- O Globo
Bolsonaro disse que será ‘escravo da Constituição’ e Haddad descartou nova Constituinte. É um alívio que este seja o primeiro ponto do 2º turno
A democracia foi o centro da conversa neste começo de segundo turno. Em entrevistas, Fernando Haddad, do PT, e Jair Bolsonaro, do PSL, falaram sobre o tema. No Jornal Nacional, Haddad disse que mudou a posição do programa que propunha nova Constituinte e rechaçou declarações de José Dirceu. Jair Bolsonaro desautorizou a defesa de uma nova Constituição escrita por notáveis, que foi defendida pelo candidato a vice, Hamilton Mourão, e disse que nem entendeu o que ele quis dizer com a expressão “autogolpe”.

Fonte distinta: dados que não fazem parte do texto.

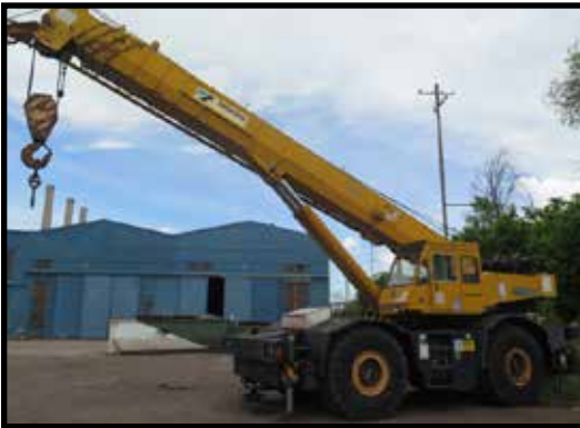
1997 Tadano TR-500E 55 Ton Rough Terrain Crain w/ 112' Boom Reach, 56' Jib Reach
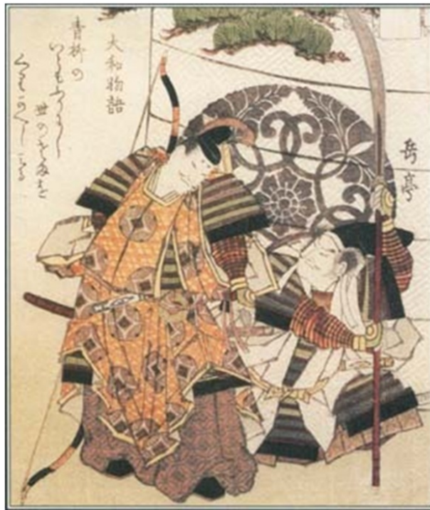
Yamato-takeru, mythical warrior who appeared in the Kojiki and Nihongi

One 'myth' which has had a significant impact on public policy in modern times is the 'myth' of homogeneity discussed earlier. Even those who deride this discourse as 'illusory' acknowledge its influence on postwar Japan; Ishi (2005: 271) describes it as "a master narrative that has not changed drastically even today." Of course, 'homogeneity' can mean different things; however, when the Japanese are referred to as a tan'itsu minzoku (homogenous people) living in a tan'itsu minzoku kokka , the meaning is typically one nation, one race, and one language/culture. Much like the leaves of a clover, the three elements are portrayed as part of a whole (Burgess 1997: 99). The key term is minzoku which, like a modern day equivalent of Smith's ethnies, encompasses more than just race or ethnicity. Morris-Suzuki (1998: 32, 87) defines it as the Japanese version of the German Volk , a term combining cultural and genetic aspects which emphasises the organic unity of the Japanese people/nation as a community "bound together by ties of language or tradition." Over the years there have been a great many statements by the Japanese political elite referring to the Japanese as a tan'itsu minzoku :

É um alívio que este seja o primeiro ponto desta nova caminhada. O fundamental para o Brasil é a preservação da democracia. José Dirceu falou em “tomar o poder” e disse que isso é “diferente de ganhar eleições”. Haddad afirmou que ele não trabalha na campanha, não estará em seu governo e não concorda com ele. Mourão, na entrevista à Globonews, falara da possibilidade de um presidente dar um golpe. Bolsonaro garantiu que será escravo da Constituição, disse que o general foi infeliz e que jamais autorizaria tal medida.
Com isso posto, o país discutirá nos próximos dias o programa de cada um. Na economia, a tarefa do próximo governo será tocar uma agenda de ajuste fiscal. Ela será rigorosa e tem emergências. Quem ganhar as eleições atrairá como um imã os parlamentares dos mais variados partidos, principalmente os que aderem a qualquer governo que se eleja. A questão é: para aprovar o quê? Os inúmeros políticos que hoje correm para Jair Bolsonaro, ou que foram eleitos graças à sua força, não têm relação com a agenda liberal do economista Paulo Guedes. O PT só tem chance de vencer se fizer movimentos em direção ao centro, mas terá uma base parlamentar resistente aos ajustes, mesmo se passar a defendê-los.
O PSL será a segunda maior bancada. E, com ele, Bolsonaro começará a construir sua coalizão, caso seja eleito. O problema é que eles se juntaram pelas bandeiras conservadoras e o oportunismo, e não porque querem diminuir o tamanho do Estado na economia. O que galvanizou eleitores foi a mistura do momento: antipetismo, violência e conservadorismo. Nada disso ajuda, por exemplo, a reforma da Previdência.
O PT fez a maior bancada, apesar de perder cinco cadeiras. Poderá atrair forças com os quais está coligado ou tem afinidades. Mas para aprovar quais projetos de redução de gastos? Bolsonaro, que é o grande vitorioso deste primeiro turno, não elegeu uma bancada reformista, até porque essa não é a agenda dele. É algo exterior a ele, colocado no programa como parte da estratégia eleitoral. O PT, por ideologia, nunca teve ligação com essa agenda.
A comemoração de ontem do mercado precisa ser entendida dentro da lógica de curto prazo. Se as dificuldades aparecerem, darão ordem de venda. E os operadores mais ágeis ganharão nos dois momentos.
É mais complexo do que parece tudo o que aconteceu nesta eleição. Houve uma chacoalhada geral, mas não é trivial interpretar. É uma onda conservadora? É, mas o mesmo país que elegeu por quatro vezes o PT para a Presidência entregou 46% dos votos, neste primeiro turno, a um político que encarnou o antiPT. É uma punição aos caciques políticos? A alguns. Perderam os sarneys, mas ganharam os barbalhos e os calheiros. Perdeu Romero Jucá, o líder de todos os governos. Em Minas, foi derrotada Dilma Rousseff, que Lula achava questão de honra eleger. No Espírito Santo, perdeu a reeleição o senador Magno Malta, o favorito de Bolsonaro. Demóstenes Torres, que havia sido cassado e disputou por manobra judicial, não teve êxito, mas Ciro Nogueira, do PP, foi eleito.
Houve derrota de políticos envolvidos na Lava-Jato e vitória de políticos envolvidos na Lava-Jato. Houve aumento do número de partidos na Câmara, mas a cláusula de barreira os empurrará para um realinhamento partidário. O PSDB sofreu derrota humilhante, mas pode dizer, em consolo, que disputa o segundo turno em três importantes estados, São Paulo, Minas e Rio Grande do Sul. O problema tucano é que, quando João Dória anuncia seu apoio a Jair Bolsonaro, o partido rompe o último vínculo com a sua identidade social-democrata.
Os movimentos dos dois lados nos próximos vinte dias serão para tentar agregar votos. O PT tem um caminho mais longo a fazer.